And (4) combining. Wherein W₁,W₂,W₃,W₄Are all weight matrices. N is a radical of_tIndicating that the t-th frame has N objects, the subscript N indicating the number of objects, the superscript t indicating the t-th frame in the video,

is the position characteristic of the ith target in the t frame in the video,

is the tag feature of the ith object in the tth frame in the video,

is the geometric feature of the ith object in the tth frame in the video,

is the combined characteristic of the ith target of the t frame in the video, namely the initial region characteristic.

In one embodiment of the present invention, the characterization at the video tube level is obtained by:

2.1) constructing a space map model, calculating the similarity between every two regions in each video frame, and obtaining a similarity matrix corresponding to each video frame; and updating the space of the region features.

2.2) constructing an anchor pipe and a space-time pipe:

the present invention attempts to relate the same objects of different video frames, a structure known as space-time tube. The invention constructs a space-time tube by using an anchor tube, wherein the anchor tube refers to a sequence formed by the same target in different video frames. An anchor pipe set refers to a set of multiple different anchor pipes.

Extracting a target area in a first video frame to initialize an anchor pipe set; calculating similarity scores between the targets in the current video frame and the targets in the anchor pipe, if the similarity scores are larger than a threshold value, adding the targets in the current video frame into the corresponding anchor pipe, and if not, adding the targets in the current video frame into the anchor pipe set as new anchor pipes; and arranging the target sequences in each anchor pipe according to a time sequence to form a time-space pipe.

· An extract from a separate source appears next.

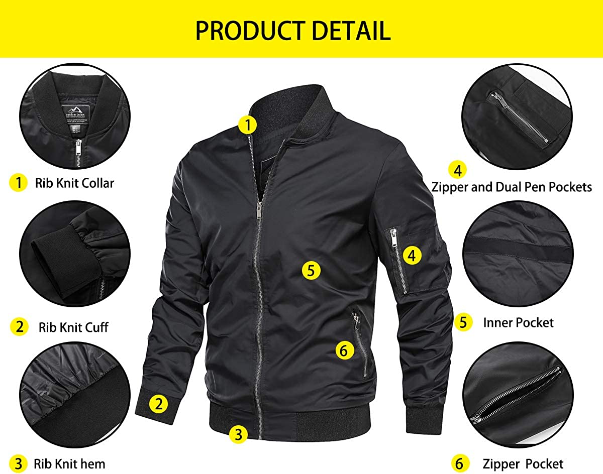 TACVASEN Men's Jacket-Lightweight Casual Spring Fall Thin Bomber Zip Pockets Coat Outwear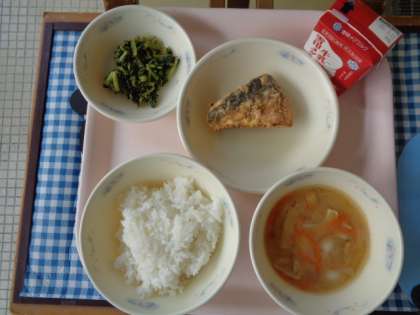 今日の給食は,ごはん・さばのたつたあげ・大根葉のごま炒め・いものこじる・牛乳でした。

And 2.3) constructing a time sequence graph model according to the updated space-time tubes, and constructing a time sequence graph by using targets in each space-time tube.

2.4) constructing a graph convolution neural network on the basis of the time sequence diagram obtained in the step 2.3), and carrying out time sequence updating on the region characteristics after the space updating according to the region characteristics after the space updating in the step 2.1) and the similarity score obtained in the step 2.2).

2.5) forming a layer of space-time diagram in the steps 2.1) to 2.4), repeating the step, and taking the region characteristics after the time sequence output by the previous layer of space-time diagram is updated as the input of the next layer of space-time diagram to form a space-time diagram model consisting of a plurality of layers of space-time diagrams; and the output of the last layer of space-time diagram is used as the final output of the space-time diagram model, and the representation of the video tube level is obtained after the time sequence GRU coding. 2.1) -2.4), the whole process is repeated for M times, M is the number of layers of the adaptive space-time diagram model, and M is preferably 2.

The similarity in the step 2.1) is the similarity between different areas in the same video frame and is obtained by adopting trainable matrix calculation; the similarity score in the step 2.2) is the similarity between different areas in different video frames, and is obtained by calculating the average value of the visual feature similarity, the critical feature similarity and the spatial geometric feature similarity.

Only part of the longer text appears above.